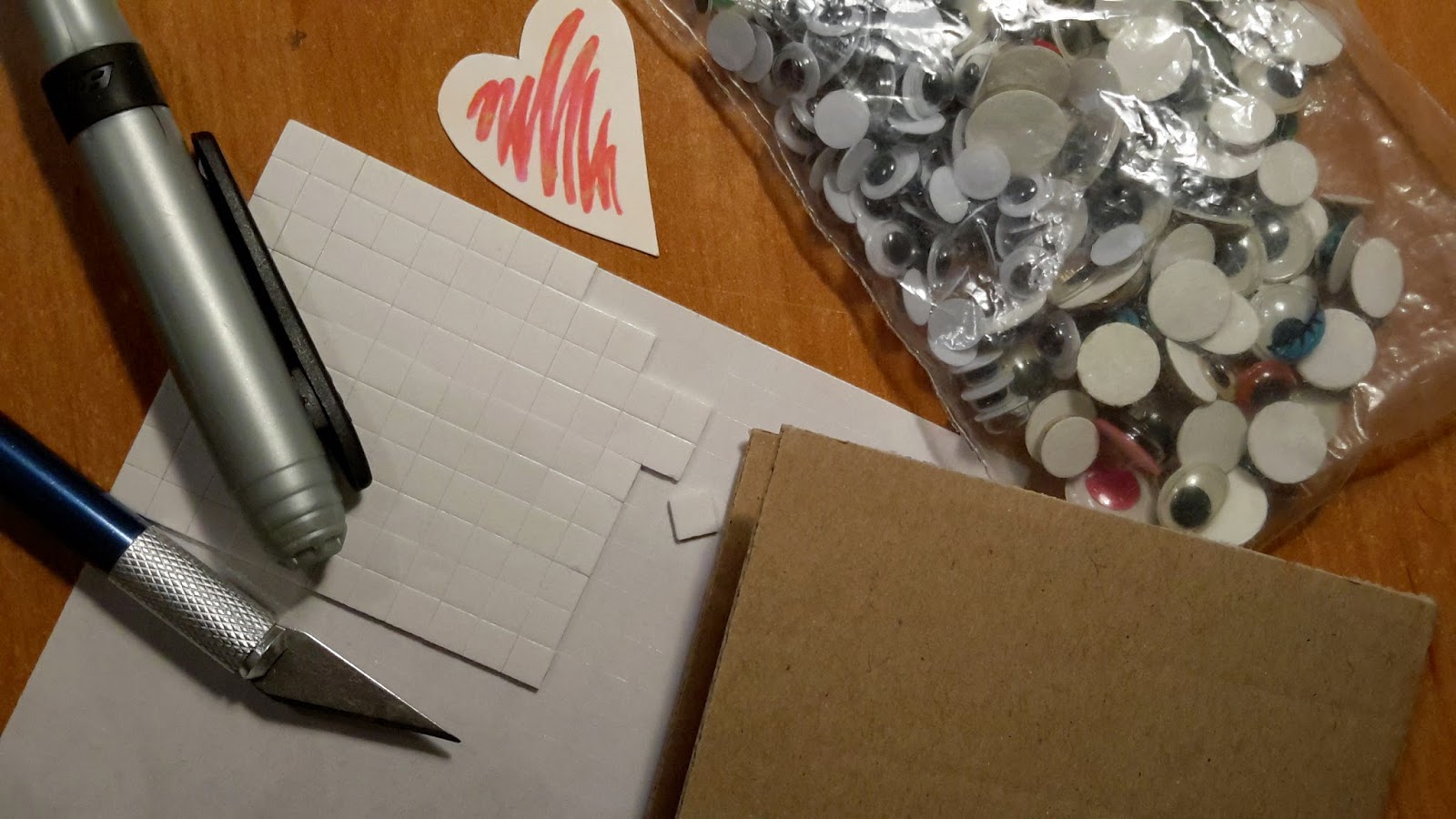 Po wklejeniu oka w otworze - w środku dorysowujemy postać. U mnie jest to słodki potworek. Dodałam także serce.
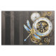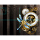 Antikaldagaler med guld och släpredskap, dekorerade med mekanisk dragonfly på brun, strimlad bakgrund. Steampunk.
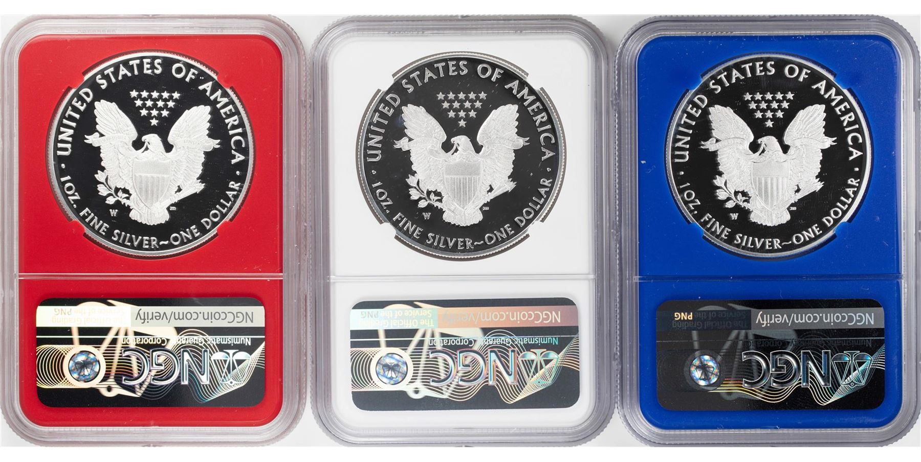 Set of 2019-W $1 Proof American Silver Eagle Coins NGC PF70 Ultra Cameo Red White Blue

____________

■ **The task**:
Exactly the lines from the line with "Antikaldagaler med guld" through the last line of the listing, both included, should be extracted, and the pictures left behind.

■ **Your solution**:
 Antikaldagaler med guld och släpredskap, dekorerade med mekanisk dragonfly på brun, strimlad bakgrund. Steampunk.
 Set of 2019-W $1 Proof American Silver Eagle Coins NGC PF70 Ultra Cameo Red White Blue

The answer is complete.